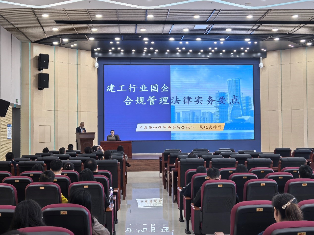 為進(jìn)一步強(qiáng)化集團(tuán)合規(guī)管理體系建設(shè),提升建設(shè)工程領(lǐng)域風(fēng)險(xiǎn)防控能力,11 月 21 日下午,由我司主辦的“建工行業(yè)國企合規(guī)管理法律實(shí)務(wù)要點(diǎn)”專題培訓(xùn),在集團(tuán)水務(wù)調(diào)度中心三樓報(bào)告廳順利舉行。集團(tuán)總部及所屬各級(jí)企業(yè)的法務(wù)、合規(guī)、建設(shè)工程管理相關(guān)人員齊聚一堂,共同參與此次學(xué)習(xí)與交流。培訓(xùn)邀請(qǐng)廣東偉倫律師事務(wù)所戴曉雯律師擔(dān)任主講。
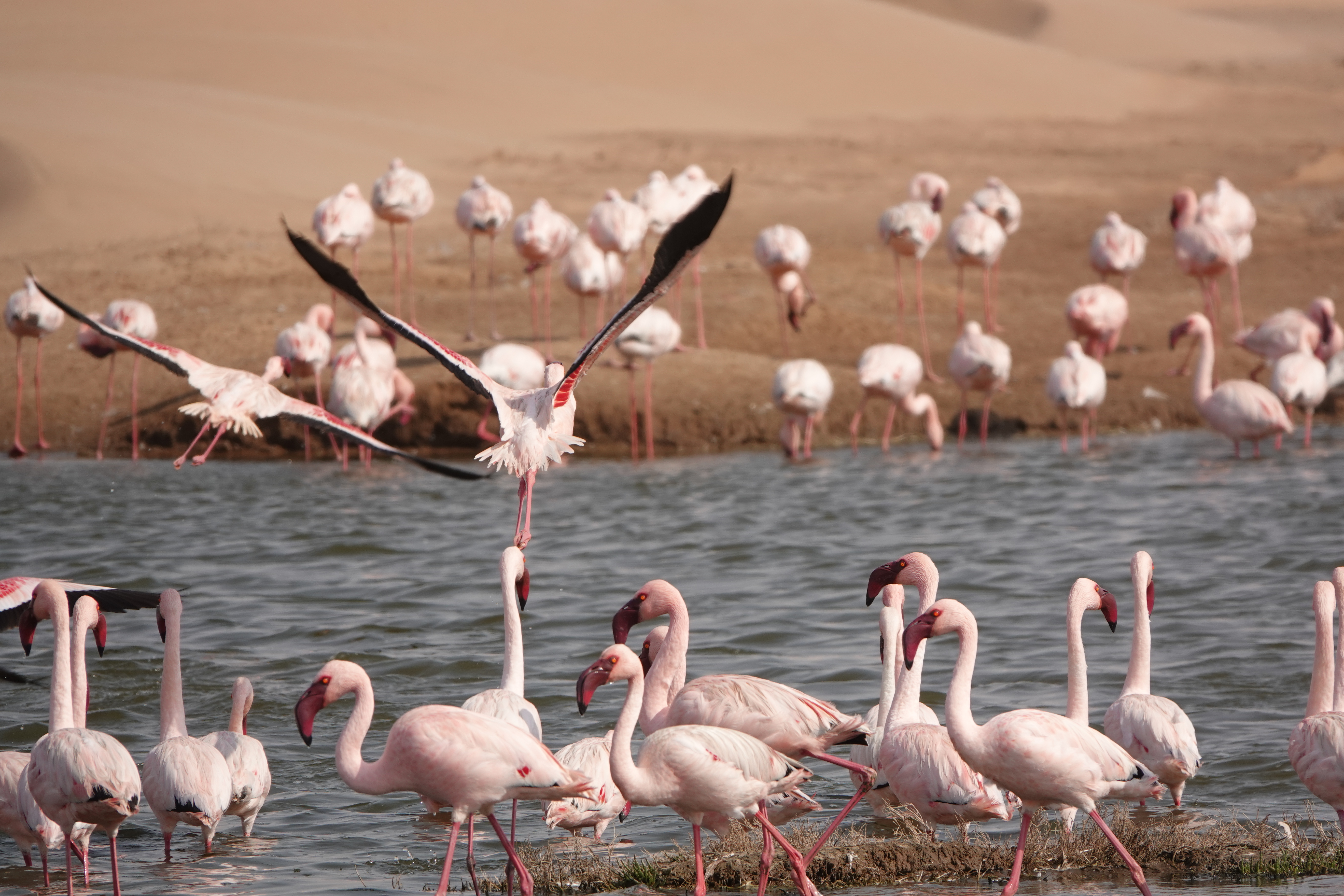 Weiter ging es über zwei Pässe und schließlich über Walvis Bay nach Swakopmund, wo wir im Namib Guesthouse (https://www.namibguesthouse.com/de/) eingecheckt haben. Kurz vor Swakopmund hatten wir das Glück, eine Kolonie von Flamingos aus nächster Nähe beim Futter suchen, starten und landen beobachten zu können – ein beeindruckendes Naturschauspiel.
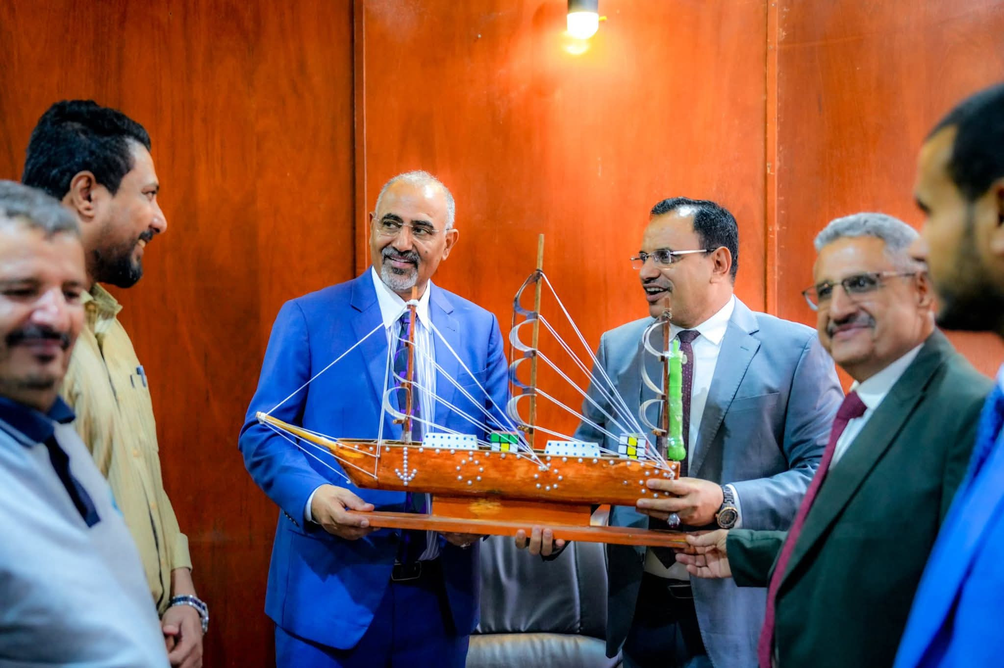كما اطّلع الرئيس القائد خلال زيارته لديوان الوزارة على سير العمل في مشروع تأهيل ميناء الاصطياد السمكي بالتواهي، الذي يجري إعادة تأهيله بتمويل من البنك الألماني للتنمية، بتكلفة إجمالية تبلغ 35 مليون دولار، بالإضافة إلى الأعمال الجارية لانتشال السفن الغارقة في الميناء، والتي شكّلت عائقاً أمام نشاطه خلال السنوات الماضية.

++++++++++

_TASK TO CARRY OUT_
Please retype the whole of the data precisely, omitting pictures.

_RESULT BELOW_
 為進(jìn)一步強(qiáng)化集團(tuán)合規(guī)管理體系建設(shè),提升建設(shè)工程領(lǐng)域風(fēng)險(xiǎn)防控能力,11 月 21 日下午,由我司主辦的“建工行業(yè)國企合規(guī)管理法律實(shí)務(wù)要點(diǎn)”專題培訓(xùn),在集團(tuán)水務(wù)調(diào)度中心三樓報(bào)告廳順利舉行。集團(tuán)總部及所屬各級(jí)企業(yè)的法務(wù)、合規(guī)、建設(shè)工程管理相關(guān)人員齊聚一堂,共同參與此次學(xué)習(xí)與交流。培訓(xùn)邀請(qǐng)廣東偉倫律師事務(wù)所戴曉雯律師擔(dān)任主講。
 Weiter ging es über zwei Pässe und schließlich über Walvis Bay nach Swakopmund, wo wir im Namib Guesthouse (https://www.namibguesthouse.com/de/) eingecheckt haben. Kurz vor Swakopmund hatten wir das Glück, eine Kolonie von Flamingos aus nächster Nähe beim Futter suchen, starten und landen beobachten zu können – ein beeindruckendes Naturschauspiel.
كما اطّلع الرئيس القائد خلال زيارته لديوان الوزارة على سير العمل في مشروع تأهيل ميناء الاصطياد السمكي بالتواهي، الذي يجري إعادة تأهيله بتمويل من البنك الألماني للتنمية، بتكلفة إجمالية تبلغ 35 مليون دولار، بالإضافة إلى الأعمال الجارية لانتشال السفن الغارقة في الميناء، والتي شكّلت عائقاً أمام نشاطه خلال السنوات الماضية.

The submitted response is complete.